Why this matters: Given a number of images of an object with known camera positions and angles, the goal of novel view synthesis is to render the scene from unobserved viewpoints. Realistic and efficient rendering of 3D scenes is essential for real-time and interactive data visualization and exploration. Neural Radiance Field (NeRF) is a new class of deep learning framework for novel view synthesis that has demonstrated faithful rendering of complex scene with economical network sizes. In astrophysics, detailed 3D simulations are often too cumbersome for real-time data visualization. However, interactive visualization is often necessary to derive physical understanding. With the rapid development in NeRF architectures, it seems timely to explore their applications in scientific visualization.

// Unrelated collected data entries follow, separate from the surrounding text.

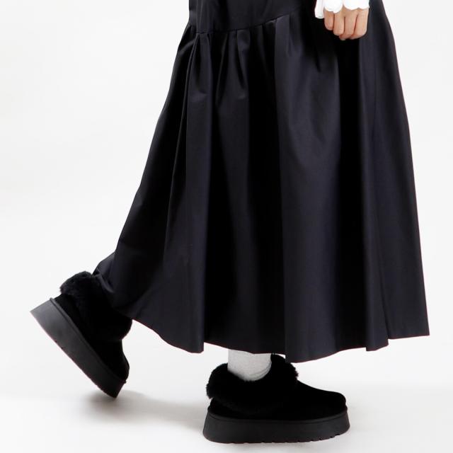 ・ボリューム感のある厚底はフラットソールで歩きやすく、スタイルアップ効果も。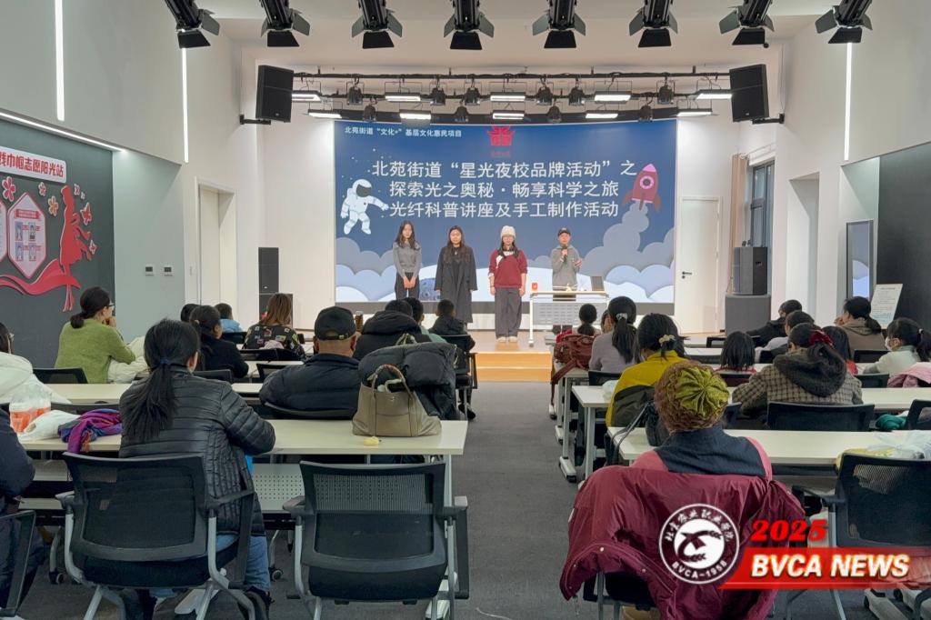 12月14日,通识教育学院联合通州北苑街道举办“神奇的光纤”科普活动。同学们通过趣味讲解和创意实验,为孩子们揭开信息传输“光速通道”的奥秘。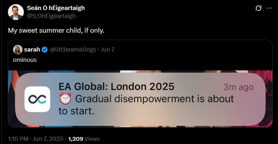 In other news this week, Sam Altman wrote an essay The Gentle Singularity, trying to sell us that everything’s going to go great, and I wrote a reply. Part of the trick here is to try and focus us on (essentially) the effect on jobs, and skip over all the hard parts.

How we approached this: We trained the baseline NeRF network (official implementation) using volume rendering images of a 3D simulation of turbulent interstellar gas (backdrop to form stars). Our goal was to examine whether NeRF is applicable to render scientific simulations. We used 100 input images/camera poses for training, and for testing we render the “learned simulation” with a camera fly-around.
What we found:
The video above shows the output view. High-density gas is represented by red, low-density gas is represented by blue; intermediate values of density are in yellow/green. The NeRF-generated view shows promising performance - it accurately retains the complex filamentary structures of the turbulent gas while maintaining a realistic 3D sense of the simulation.
What’s next? In astronomy, observation is fundamentally limited to a single view (the view from Earth). In practice, it will be valuable to reconstruct the 3D scenes around different astronomical objects using a single input view. Ongoing work focuses on optimizing NeRF architectures with one-shot/few-shot image encoding (e.g., PixelNeRF).